RED meat producers must wake up to the new world in which they are about to operate.
They must cut costs, increase efficiency, and produce what customers want - not what they think they should want.
Speaker after speaker repeated that it would involve everyone in the food chain working and talking together. All agreed it must happen now.
Dr Chris Brown, Asda's agriculture development manager, said new relationships were needed within the livestock supply chain. "The present structures are too fragmented," he said. "We have to get information flowing up and down the chain."
Jonathan Birnie, responsible for animal procurement and meat quality research with the Dungannon Meat Group, said the conference was not talking rocket science. "The question is, are you going to do it and what are you going to do about it," he said. It was vital for all parties in a supply chain to talk to each other.
Developing a chain needed long-term commitment. "There have been too many farmer co-operatives lost for the sake of going for 2p up the road; you have to think long-term," said Mr Birnie.
Sean Rickard, of the Cranfield School of Management, said domestic consumption of red meat per head was unlikely to rise.
"We have got to get real about the world in which we live and adjust ourselves to that world," he said. "We have an industry which needs to think about value, rather than quantity. The goal of red meat chains must be to create and capture more value."
To achieve that, farmers must think of working together as a farmer-controlled business but, to reduce costs and become more efficient and effective, they should also create a small farmer group within it, to concentrate on working, and building up trust, with a processor.

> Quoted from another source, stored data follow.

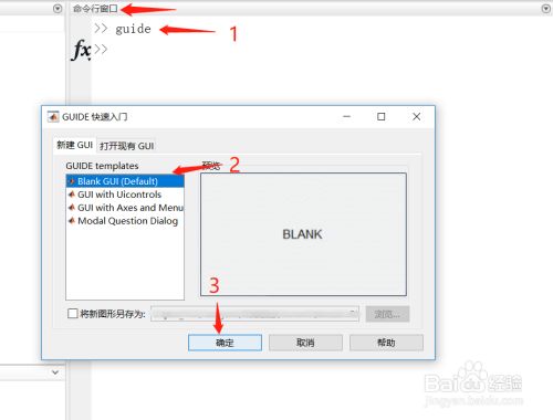首先在命令行窗口中输入“guide”指令,打开gui建立引导界面;然后选择“Blank Gui”生成模板;最后点击确定,完成新建
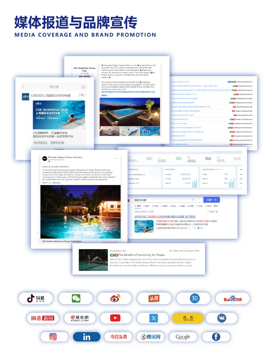 CSE組委會在線上推廣方面采取了多元化策略,依托SEO優化、SEM廣告投放、朋友圈投放、EDM郵件、短信、電話邀請等強大工具,攜手媒體平臺,精心構建了一個內容豐富、傳播力強的網絡。通過微信公眾號、抖音、視頻號等國內社交平臺,以及Facebook、Instagram、LinkedIn、Google等海外渠道,CSE不僅極大地提升了品牌自媒體的曝光度,還以創意十足的形式展現了展會亮點,精確鎖定了專業買家的目光,共同繪制了游泳SPA行業的新藍圖。同時,利用線上平臺推動現場商務配對、創新產品展示區等活動,有效打通了內外站流量,實現了人、貨、場的精確匹配,為品牌與產品的快速成長提供了強大助力,并持續性地促進了銷售轉化。
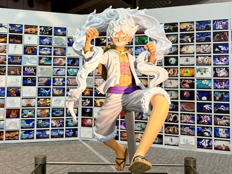 第6章「漫画の表現、アニメの演出」エリアには、太陽の神・ニカ像がお目見え! 「ワノ国編」で“ギア5”の新境地に到達するルフィをどのように演出しているのか、アニメだからこそできる表現をたっぷり見せる展示です。

"That is my idea of a supply chain," said Mr Rickard. "They are focused not on a food market but on a market segment; not only to supply it but to learn about it to help them reinforce their competitive position."
With complete trust, savings could be achieved, for example by doing away with the need for a contract. An awful lot of costs were created in drawing up, exchanging and enforcing contracts.
An overriding criticism of the food chain was the absence of trust and the adversarial atmosphere. Mr Rickard said individual farmers could not improve efficiency anything like as well as when they worked together with others. "We need an absolute commitment to collaboration," he said. "But it can be successful only if all participants adopt a mindset of goodwill and trust."